With effortless grace, celebrated author Chimamanda Ngozi Adichie illuminates a seminal moment in modern African history: Biafra''s impassioned struggle to establish an independent republic in southeastern Nigeria during the late 1960s. We experience this tumultuous decade alongside five unforgettable characters: Ugwu, a thirteen-year-old houseboy who works for Odenigbo, a university professor full of revolutionary zeal; Olanna, the professor's beautiful young mistress who has abandoned her life in Lagos for a dusty town and her lover's charm; and Richard, a shy young Englishman infatuated with Olanna's willful twin sister Kainene. Half of a Yellow Sun is a tremendously evocative novel of the promise, hope, and disappointment of the Biafran war.

From the Jacket

"A gorgeous, pitiless account of love, violence and betrayal during the Biafran war."
-Time

"Instantly enthralling. . . . Vivid. . . . Powerful . . . A story whose characters live in a changing wartime atmosphere, doing their best to keep that atmosphere at bay."
-The New York Times

"Ingenious. . . . [With] searching insight, compassion and an unexpected yet utterly appropriate touch of wit, Adichie has created an extraordinary book."
-Los Angeles Times

"Brilliant. . . . Adichie entwines love and politics to a degree rarely achieved by novelists. . . . That is what great fiction does-it simultaneously devours and ennobles, and in its freely acknowledged invention comes to be truer than the facts upon which it is built." -Elle

About the Author

Chimamanda Ngozi Adichie grew up in Nigeria, where she attended medical school for two years at the University of Nigeria before coming to the United States. A 2003 O. Henry Prize winner, Adichie was shortlisted for the 2002 Caine Prize for African Writing. Her work has been selected by the Commonwealth Broadcasting Association and the BBC Short Story Awards, and has appeared in various literary publications, including Zoetrope and the Iowa Review. Her first novel, Purple Hibiscus, was shortlisted for the Orange Prize and the John Llewellyn Rhys Prize, and longlisted for the Booker. She now divides her time between the U.S. and Nigeria.

Bookclub Guide

Chimamanda Ngozi Adichie grew up in Nigeria, where she attended medical school for two years at the University of Nigeria before coming to the United States. A 2003 O. Henry Prize winner, Adichie was shortlisted for the 2002 Caine Prize for African Writing. Her work has been selected by the Commonwealth Broadcasting Association and the BBC Short Story Awards, and has appeared in various literary publications, including Zoetrope and the Iowa Review. Her first novel, Purple Hibiscus, was shortlisted for the Orange Prize and the John Llewellyn Rhys Prize, and longlisted for the Booker. She now divides her time between the U.S. and Nigeria.

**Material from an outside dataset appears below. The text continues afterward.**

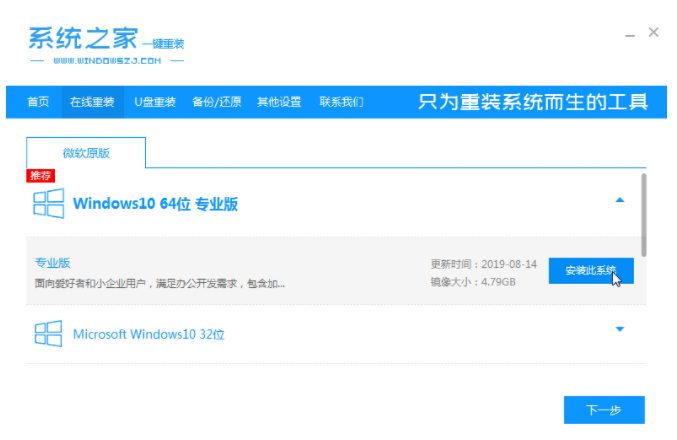 1.首先电脑上下载安装系统之家一键重装系统工具并打开,选择需要安装的win10系统,点击安装系统。(安装前注意备份重要信息,关掉电脑上的杀毒软件,避免被拦截)
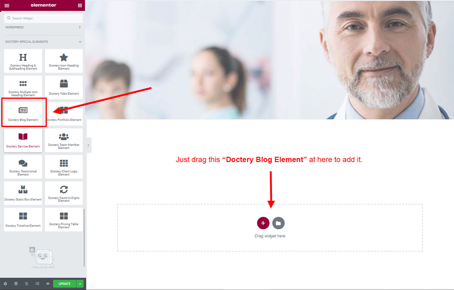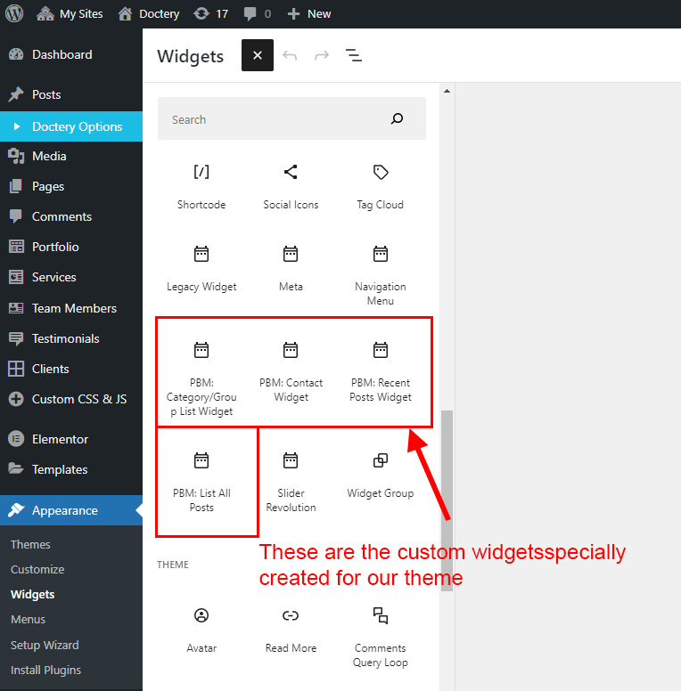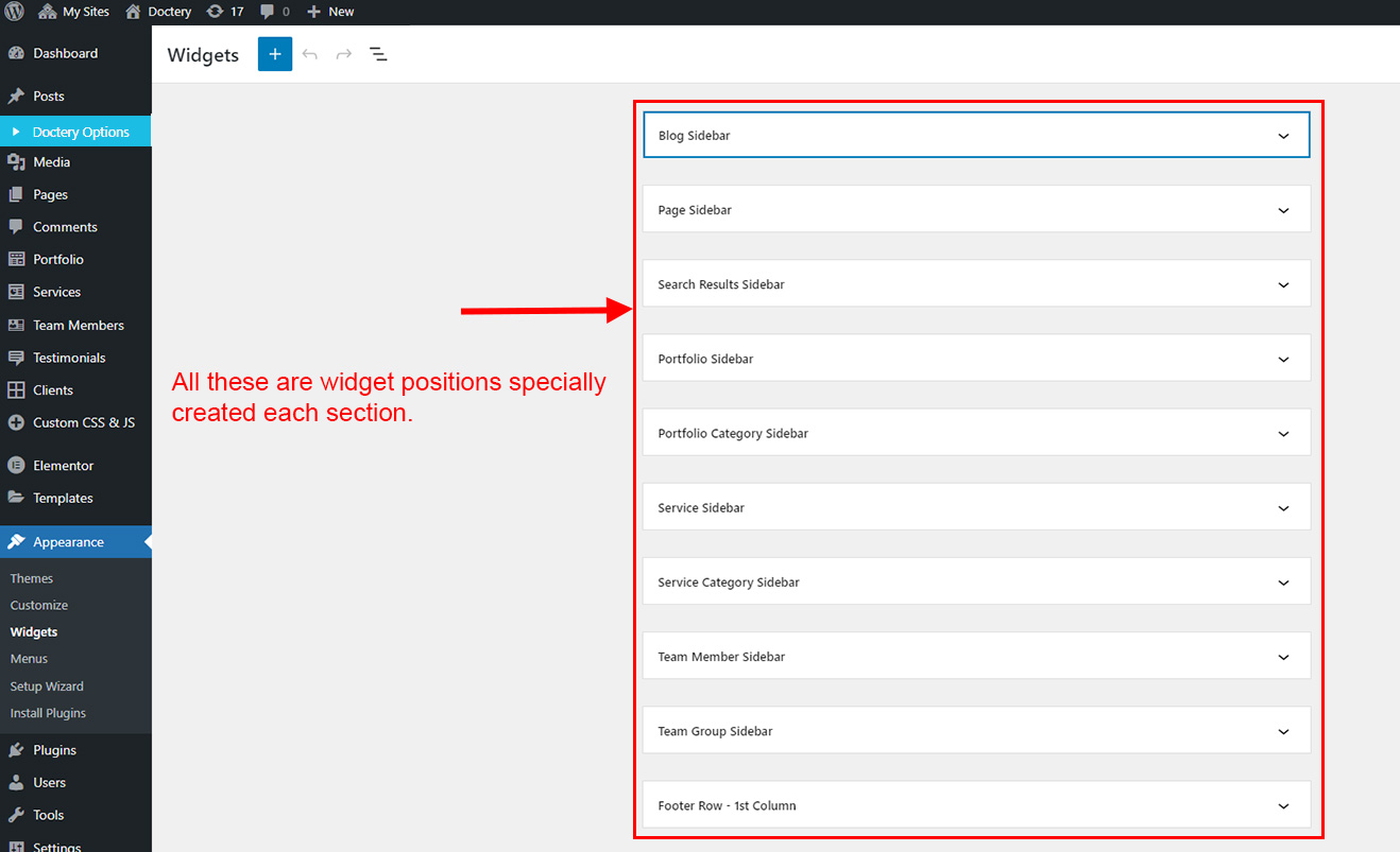 There are some widgets created specially for Doctery theme. Here are the widgets:

1. Ugwu is only thirteen when he begins working as a houseboy for Odenigbo, but he is one of the most intelligent and observant characters in the novel. How well does Ugwu manage the transition from village life to the intellectual and privileged world of his employers? How does his presence throughout affect the reader's experience of the story?

2. About her attraction to Odenigbo, Olanna thinks, "The intensity had not abated after two years, nor had her awe at his self-assured eccentricities and his fierce moralities" [p. 36]. What is attractive about Odenigbo? How does Adichie poke fun at certain aspects of his character? How does the war change him?   

3. Adichie touches very lightly on a connection between the Holocaust and the Biafran situation [p. 62]; why does she not stress this parallel more strongly? Why are the Igbo massacred by the Hausa? What tribal resentments and rivalries are expressed in the Nigerian-Biafran war? In what ways does the novel make clear that these rivalries have been intensified by British interference?

4. Consider the conversation between Olanna and Kainene on pp. 130-131. What are the sources of the distance and distrust between the two sisters, and how is the rift finally overcome? What is the effect of the disappearance of Kainene on the ending of the story?

5. Discuss the ways in which Adichie reveals the differences in social class among her characters. What are the different cultural assumptions-about themselves and others-made by educated Africans like Odenigbo, nouveau riche Africans like Olanna's parents, uneducated Africans like Odenigbo's mother, and British expatriates like Richard's ex-girlfriend Susan?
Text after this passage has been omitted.